# Overview

In this exam, we will reason about how to virtualize 64-bit ARMv8 architectures. Most concepts are similar to the Intel x86 architecture that we have been studying. But, there are some curious differences. The following excerpts are taken from [G]: "2015 - ARM Cortex-A Series Programmer's Guide for ARMv8-A". Please read them carefully to answer questions.

#### Design principles of virtualization support on ARM

ARM architecture virtualization extensions were introduced in 2010. Until then, virtualization on ARM systems was not widely used. However, as ARM CPUs continued to increase in performance, pushing from mobile devices into traditional servers, interest in ARM virtualization also grew.

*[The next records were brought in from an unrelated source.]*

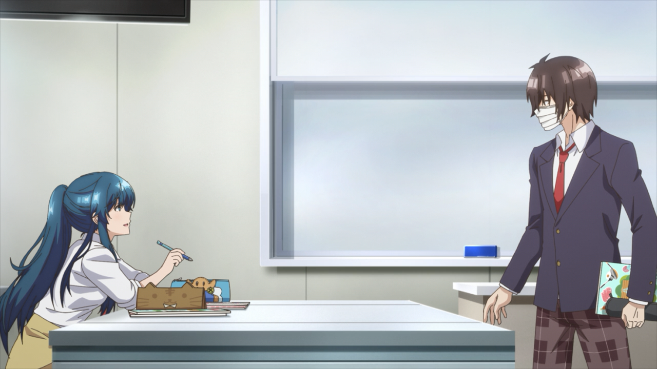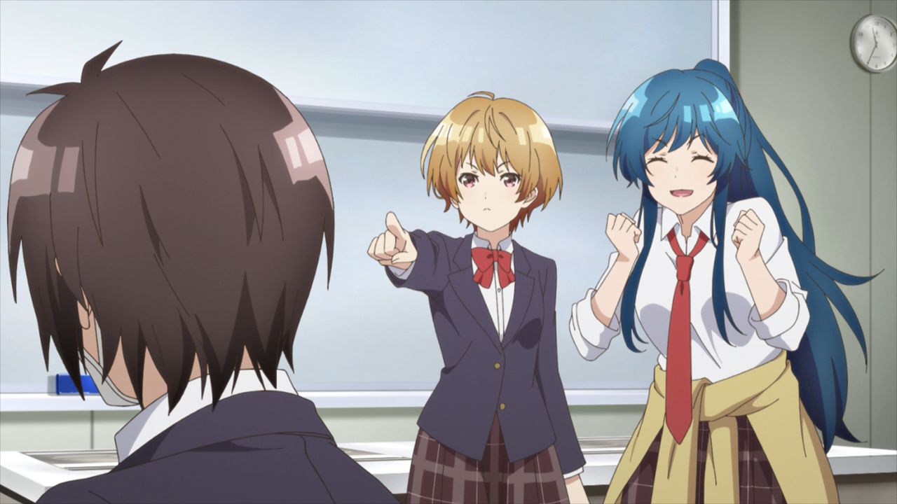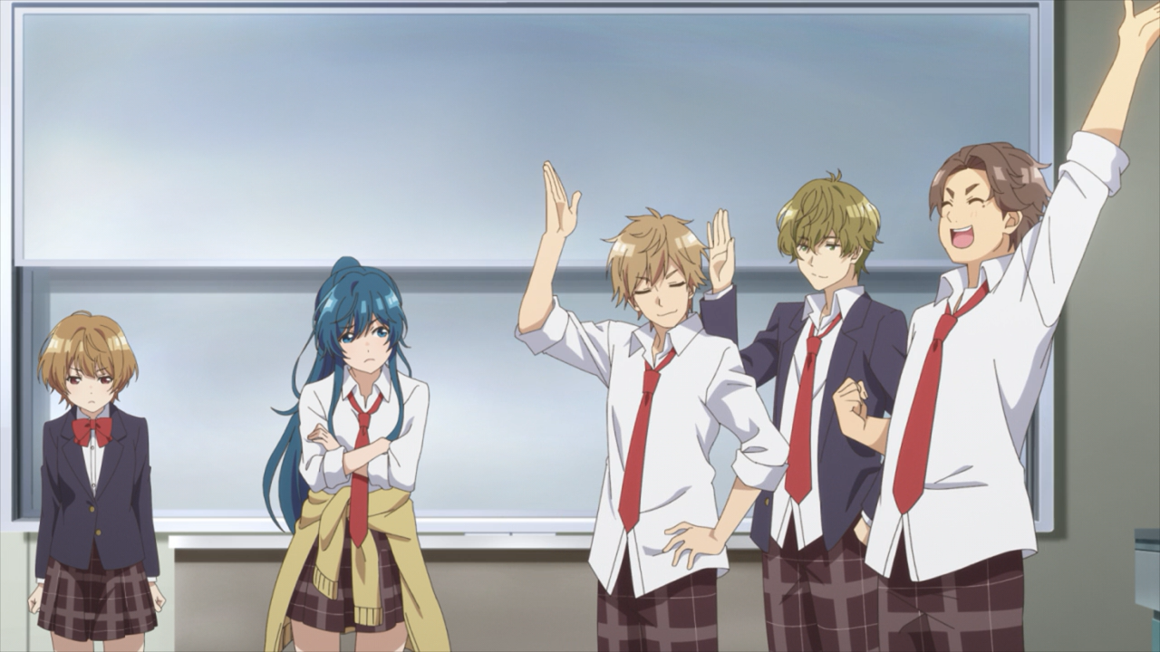 The second thing she did, (which I thought was very wise of her) was recommending that he starts by having these conversations with the girls while she is within the same proximity. This gives him a bit of a safety net in case things something were to happen, such as a troublesome person like Shuji joining the conversation. Shuji in particular is a problem because he is still salty about losing to Fuumiya, so much so that people are tiptoeing around the topic. He is the type who can take control of the flow, and could turn the topic into ammo. And because he is the key member of the class, by being rude/picking on Fuumiya could spell trouble and jeopardize this whole mission of boosting Fuumiya’s self-esteem. That’s why Aoi had to intervene the way she did, by boldly call him out on it in front of everyone, and even baited him into having to challenge Fuumiya again in Tackfam.
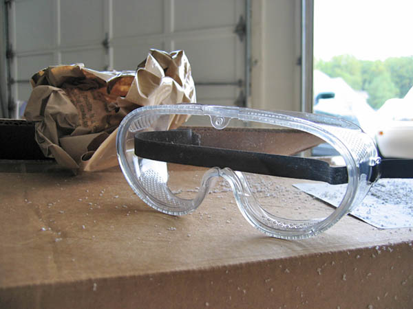 step 2. get a jig-saw. read the caution label. notice it says to always use protection (for your eyes).
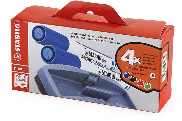 TÁBLAMARKER+TÖRLŐ KÉSZLET 4SZÍN STABILO 6414PM 4db táblafilc + táblatörlő egy készletben. vonalvastagság: 2,5-3,5 mm kerek hegy Katalóguskód: 1647
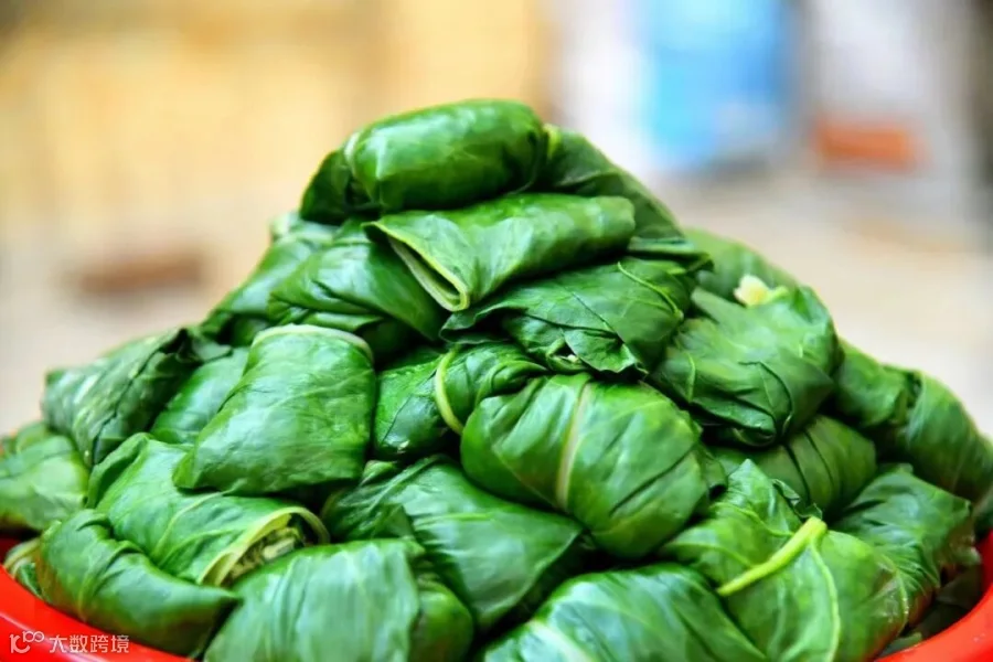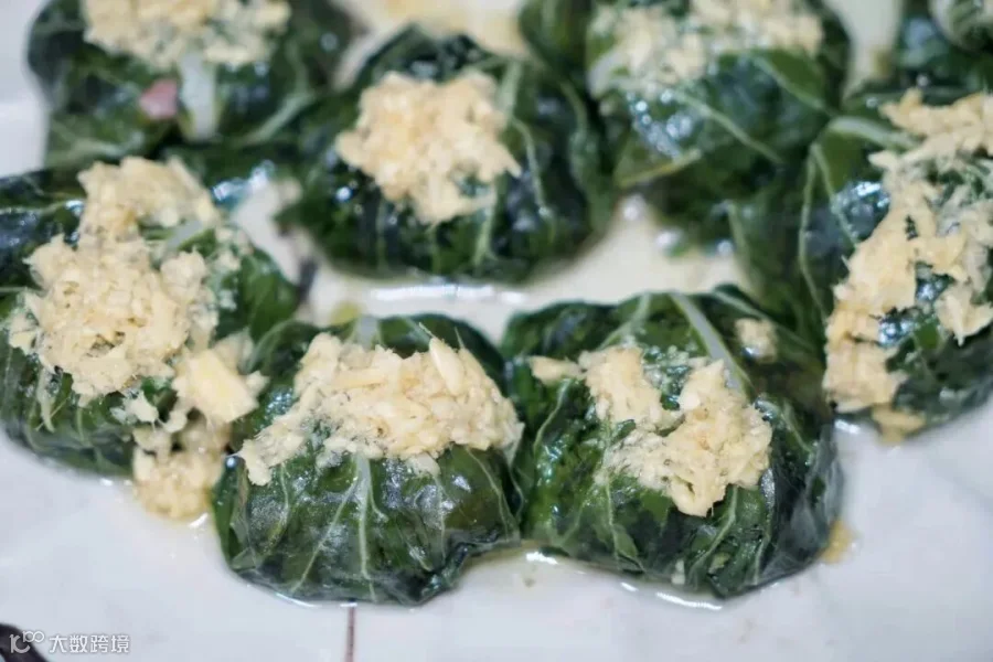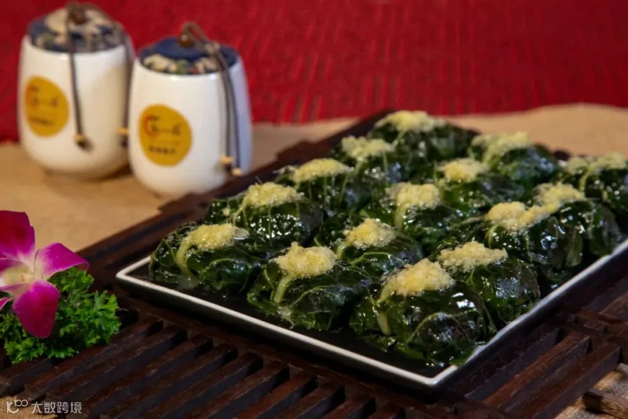酿菜包是纯手工制作而成的,采用农家金叶菜,馅是用农家韭菜、薯粉、猪肉混合一起做成的。先把整片的金叶菜用开水煮一下,然后把调制的馅包在用开水烫过的金叶菜里,最后把菜包摆放在锅里加水慢慢熏熟。
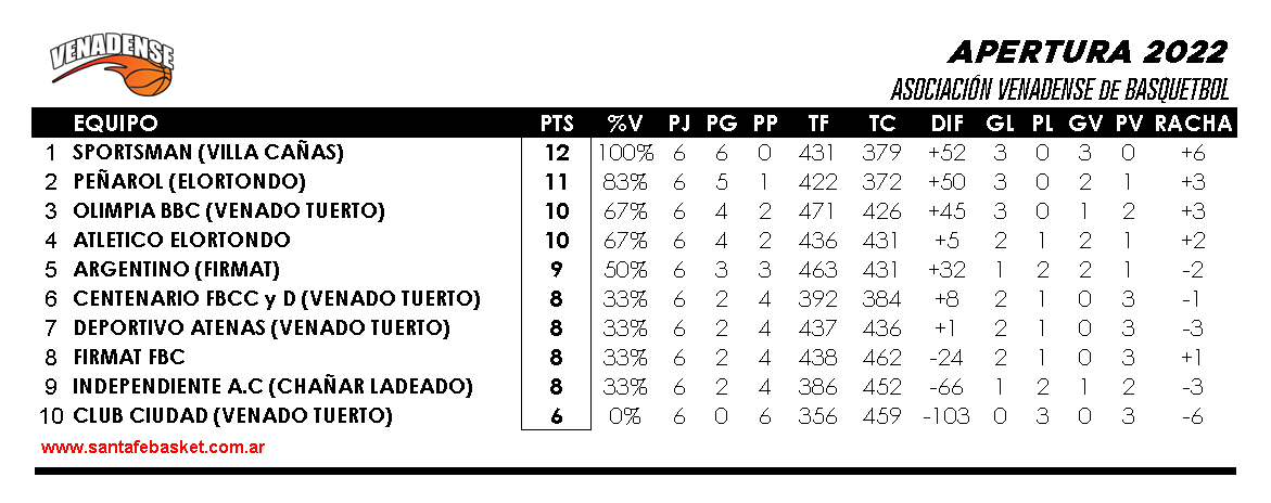 El pasado fin de semana el Apertura de la Venadense vivio su sexta fecha, y en ella SPORTSMEN de Villa Cañas reafirmó su condición de invicto de la competencia tras vencer a DEPORTIVO ATENAS. El «Tren Blanco» lleva seis triunfos en seis partidos y lidera en absoluta soledad la competencia.

# [G 3] Fundamentals of ARMv8

In ARMv8, execution occurs at one of four Exception levels. The Exception level determines the privilege level, so an Exception level with a larger value of n than another one is at a higher Exception level.

Exception levels provide a logical separation of software execution privilege that applies across all operating states of the ARMv8 architecture. It is similar to and supports the concept of hierarchical protection domains common in computer science.

The following is a typical example of what software runs at each Exception level:

- EL0: Normal user applications.
- EL1: Operating system kernel typically described as privileged.
- EL2: Hypervisor.
- EL3: Low-level firmware.

In general, a piece of software, such as an application, the kernel of an operating system, or a hypervisor, occupies a single Exception level. An exception to this rule is in-kernel hypervisors such as KVM, which operate across both EL2 and EL1.

ARMv8 has the following privileged components:

- Guest OS kernels: Such kernels include Linux or Windows running in EL1. When running under a hypervisor, the rich OS kernels can be running as a guest or host depending on the hypervisor model.
- Hypervisor: This runs at EL2. The hypervisor, when present and enabled, provides virtualization services to rich OS kernels.

# [G 3.2] Changing Exception levels

The processor mode can change under privileged software control or automatically when taking an exception. When an exception occurs, the core saves the current execution state and the return address, enters the required mode, and possibly disables hardware interrupts.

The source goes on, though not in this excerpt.